Atttention-Deficit Hyperactivity Disorder (Disability) is a poorly
characterized collection of persistent behaviors or traits that are maladaptive in
a unavoidable setting. They may be adaptive in other settings. Restlessness and a
need for novelty may be maladaptive in a grade school classroom, but they might be quite
adaptive for a physics professor, entrepreneur, or traveling salesman. In the most severe
forms of ADHD, however, there may be no modern setting in which the collection of traits
are adaptive. This is particularly true when ADHD is associated with cognitive
disabilities.
ADHD traits or behaviors have likely been a part of human minds for
hundreds of thousands of years. The disability, however, is now far more
common. Our environment has changed. There are far fewer "ecological niches"
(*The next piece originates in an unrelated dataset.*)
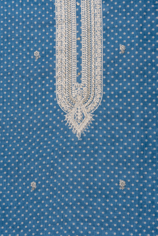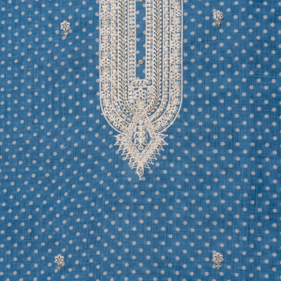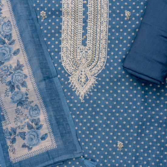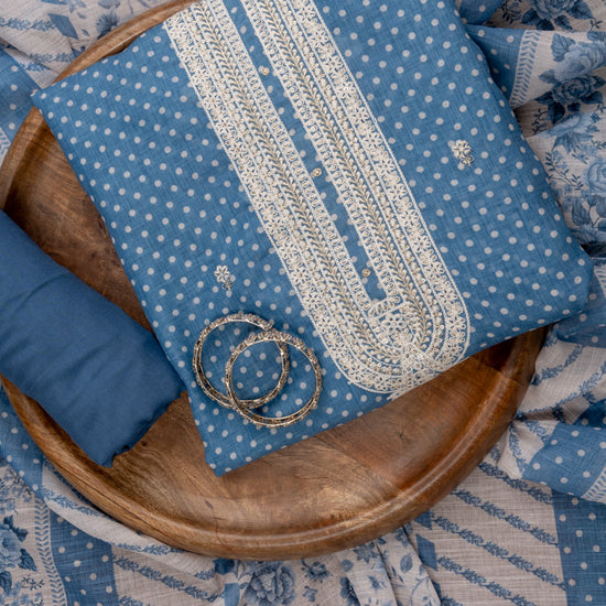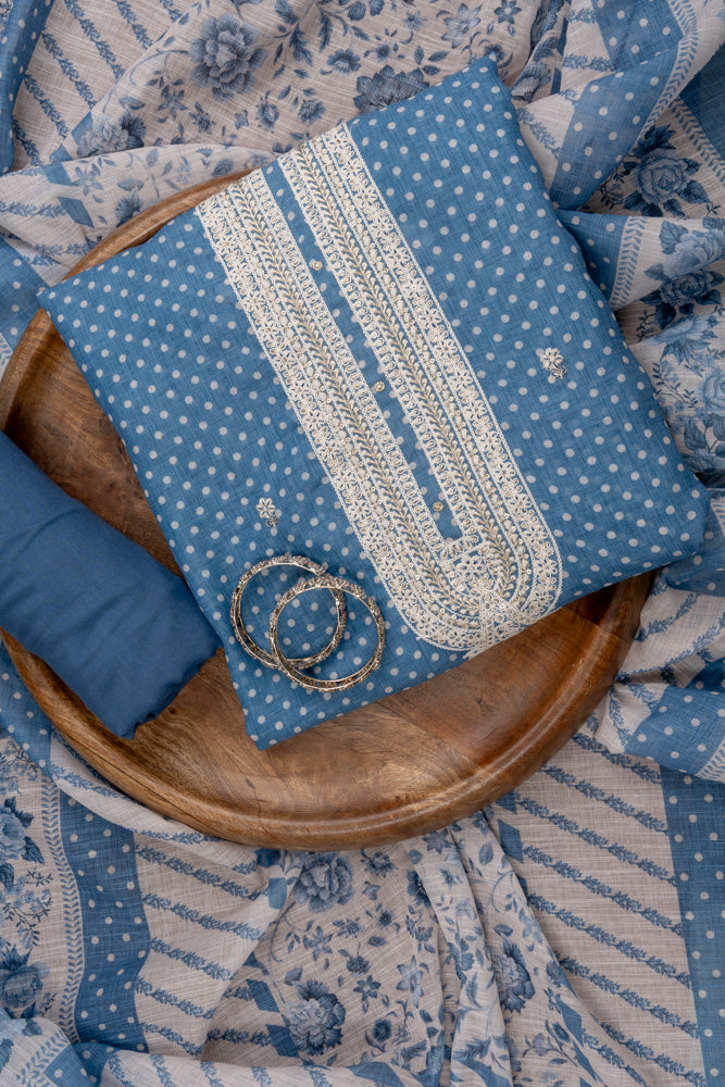 Panna Blue Grey Sequence, Zari Threadwork & Digital Printed Cotton Unstitched Salwar Suit With Cotton Dupatta

where a person, especially a child, with ADHD will thrive.
ADHD and related conditions are lifelong traits, but they are not necessarily lifelong
disabilities. The brain changes dramatically during childhood and adolescence. An
individuals environment also changes dramatically. Individuals learn. Learning, brain
development and environmental change may change ADHD from a disorder to a trait, from a
disability to a feature ... even an advantageous feature.
There is a formal definition of ADHD, but it is not terribly useful. ADHD, like
schizophrenia, is a label attached to a set of observed behaviors that probably arise from
a diverse set of interactions between genes (85%) and intrauterine environment (15%) (with
probably few postnatal contributions). We do not yet understand what genes are involved,
what proteins are involved, and what are the interactions between proteins, neurons, and
other neurologic subsystems. We may know much more in two years, we may know much more in
100 years. In the absence of deeper understanding our diagnosis and management must be
empiric, though we may be helped by theories of the underlying disorder. We try things and
see how they work.
In this web page I use an extremely broad definition of ADHD. I use the term ADHD
because it's the only "hook" we have to organize this discussion, and because I
don't know a better term to use. CDD (complex developmental disorder)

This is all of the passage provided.